I think this is an excellent idea. (I'm not volunteering, because I don't
know enough about the practice of SGML.) It's not as bad as perhaps came
over. I can hack my own stuff easily enough.
As is clear I represent the untested market which is (obviously) less well
understood. That has to involve "Moving from HTML to XML", and I have
started to try to address that.
> Befor we consider changing the design based on one person's reaction we
> should first understand the nature of the reaction which the wg list
> did. Then, we should consider if this case is compatible with the
> design goals.
> As I recall Peter's initial dismay/confusion, it was that he would have
> to make changes, not the nature of them. The design never assumed that
> existing SGML applications would be XML complient, just that it would be
> straight forward to make the application complient.
If it helps, the problem was not that I had to make changes to my own
material - I'd expected that. (I had a little whinge about having to
change all the PUBLIC ENTITYs since that was an issue at the time and it
seemed (and still does) unnecessary to remove them.) The problem was
that it suddenly dawned that the whole of the standard existing SGML
components were incompatible, and I got the impression (wrongly)
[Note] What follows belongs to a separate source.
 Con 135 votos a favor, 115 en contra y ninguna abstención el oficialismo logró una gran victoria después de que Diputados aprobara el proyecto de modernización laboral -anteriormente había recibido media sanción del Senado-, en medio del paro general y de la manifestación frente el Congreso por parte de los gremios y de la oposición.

that this had not been thought about.
> Since Peter's case is not really what we were designing for, then we
> should consider how XML is described and what types of support various
> audiences will need. Here, Peter's case has really helped. Not only
> should the nature of the transform be described, there needs to be work
> with various vendors and standards bodies to address the issues with
This is the key point. It's perfectly possible for Jane and Joe Doe to
hack ISO12083 or 12200 or whatever and use it in privacy. It's a different
matter when someone uses components which belong to someone else and
which cannot interoperate however had you try and code round. For example,
my DTDs include HTML2.0, and I asked Dan Connolly's permission (as author)
to distribute it, and it was (of course) willingly given. However Dan
wasn't at that stage clear what the precise copyright position was on
HTML2.0. I cannot imagine getting a speedy response back from any standards
body to the question "please can I make some (apparently minor) adjustments
to your DTD". I work with (chemical) standards bodies and I would not
contemplate editing any DTD and redistributing it. So the suggestion was
mainly to get round the legal position by using the standard components.
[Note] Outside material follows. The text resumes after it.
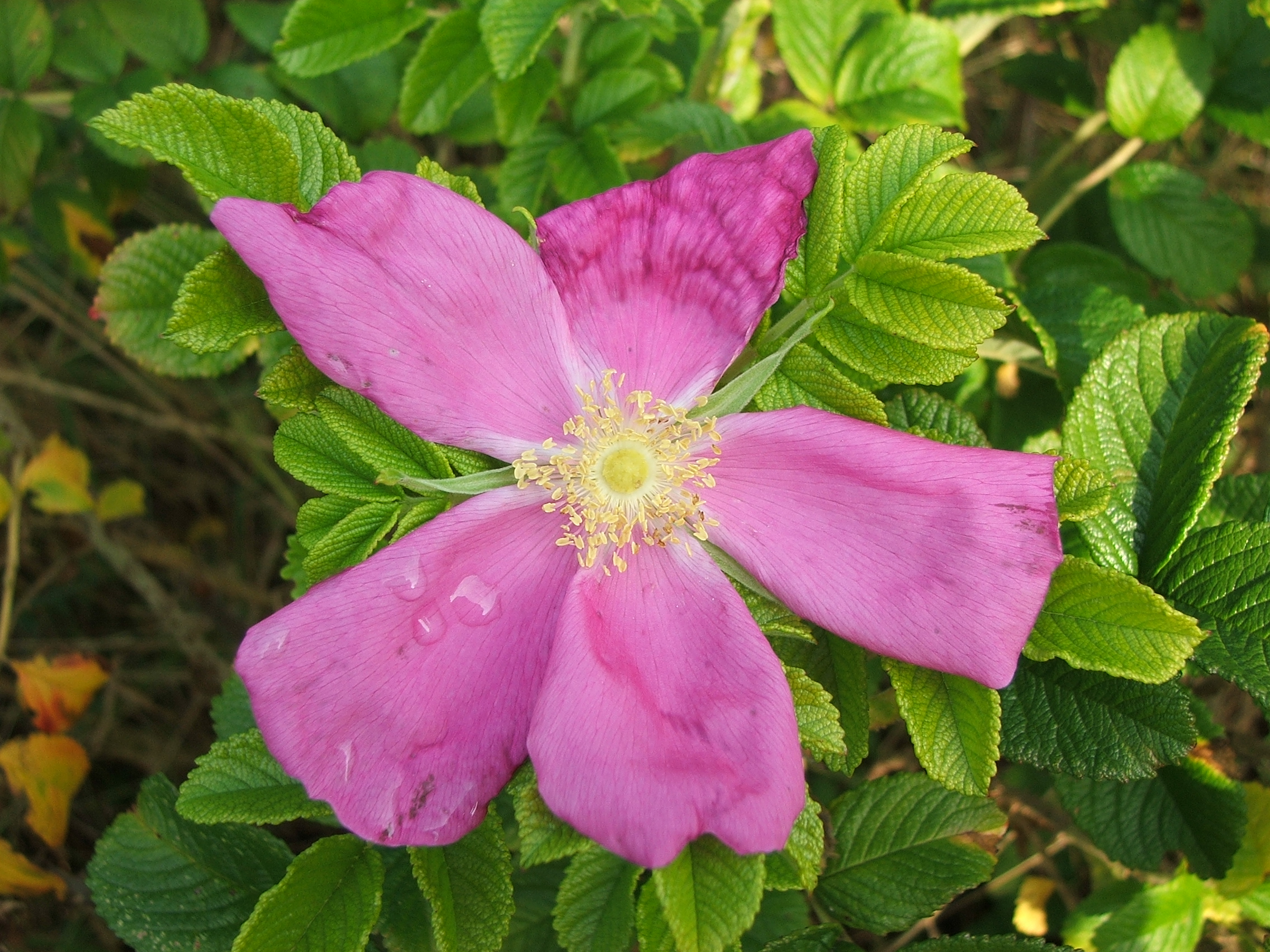 Morfoloģija. Vasarzaļš, ļoti spēcīgs, stāvs krūms. Dzinumi un dažāda lieluma daudzie dzeloņi mataini. Lapiņas rievainas, virspusē spīdīgas, tumši zaļas ,apakšpusē ar matiņiem, ādainas, saglabājas zaļas līdz salnām. Ziedi lieli, 6-12 cm plati, sarkani vai retāk balti. Ziedkāti un ziedgultne kaili vai daļēji ar matiņiem un dziedzerainiem sariņiem. Augļi lieli, sarkani, parasti saplacināti, gaļīgi, kauslapas nenobirst.

[I would also suggest that thought be given as to how an XML file identifies
itself. If you have (say) two HTML2.0 DTDs (one 'SGML' and the other 'XML'),
how do you know which is which? (apart from grepping for asterisks). Are
they going to have a PI something like <?XML?> just to alert any software?
And do they share the same FPI?]
Peter Murray-Rust, domestic net connection
Virtual School of Molecular Sciences